I have a fairly complex program that runs into strange behavior when build with OpenMP in MSVC 2010 Debug mode. I have tried my best to construct the following minimal working example (though it is not really minimal) which minic the structure of the real program.
#include <vector>
#include <cassert>
// A class take points to the whole collection and a position Only allow access
// to the elements at that posiiton. It provide read-only access to query some
// information about the whole collection
class Element
{
public :
Element (int i, std::vector<double> *src) : i_(i), src_(src) {}
int i () const {return i_;}
int size () const {return src_->size();}
double src () const {return (*src_)[i_];}
double &src () {return (*src_)[i_];}
private :
const int i_;
std::vector<double> *const src_;
};
// A Base class for dispatch
template <typename Derived>
class Base
{
protected :
void eval (int dim, Element elem, double *res)
{
// Dispatch the call from Evaluation<Derived>
eval_dispatch(dim, elem, res, &Derived::eval); // Point (2)
}
private :
// Resolve to Derived non-static member eval(...)
template <typename D>
void eval_dispatch(int dim, Element elem, double *res,
void (D::*) (int, Element, double *))
{
#ifndef NDEBUG // Assert that this is a Derived object
assert((dynamic_cast<Derived *>(this)));
#endif
static_cast<Derived *>(this)->eval(dim, elem, res);
}
// Resolve to Derived static member eval(...)

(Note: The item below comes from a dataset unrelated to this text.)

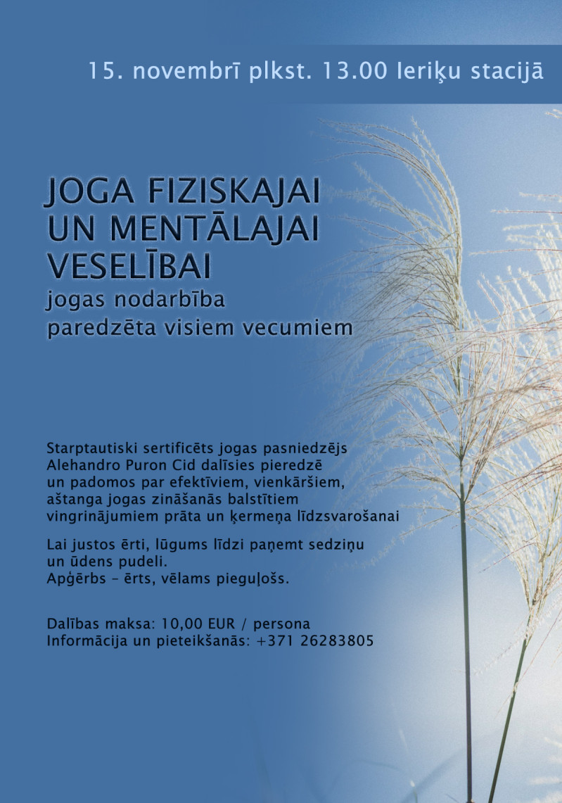 Sestdien, 15. novembrī, plkst. 13.00, piedzīvo mieru, līdzsvaru un enerģiju nodarbībā "Joga fiziskajai un mentālajai veselībai".

void eval_dispatch(int dim, Element elem, double *res,
void (*) (int, Element, double *))
{
Derived::eval(dim, elem, res); // Point (3)
}
// Resolve to Base member eval(...), Derived has no this member but derived
// from Base
void eval_dispatch(int dim, Element elem, double *res,
void (Base::*) (int, Element, double *))
{
// Default behavior: do nothing
}
};
// A middle-man who provides the interface operator(), call Base::eval, and
// Base dispatch it to possible default behavior or Derived::eval
template <typename Derived>
class Evaluator : public Base<Derived>
{
public :
void operator() (int N , int dim, double *res)
{
std::vector<double> src(N);
for (int i = 0; i < N; ++i)
src[i] = i;
#pragma omp parallel for default(none) shared(N, dim, src, res)
for (int i = 0; i < N; ++i) {
assert(i < N);
double *r = res + i * dim;
Element elem(i, &src);
assert(elem.i() == i); // Point (1)
this->eval(dim, elem, r);
}
}
};
// Client code, who implements eval
class Implementation : public Evaluator<Implementation>
{
public :
static void eval (int dim, Element elem, double *r)
{
assert(elem.i() < elem.size()); // This is where the program fails Point (4)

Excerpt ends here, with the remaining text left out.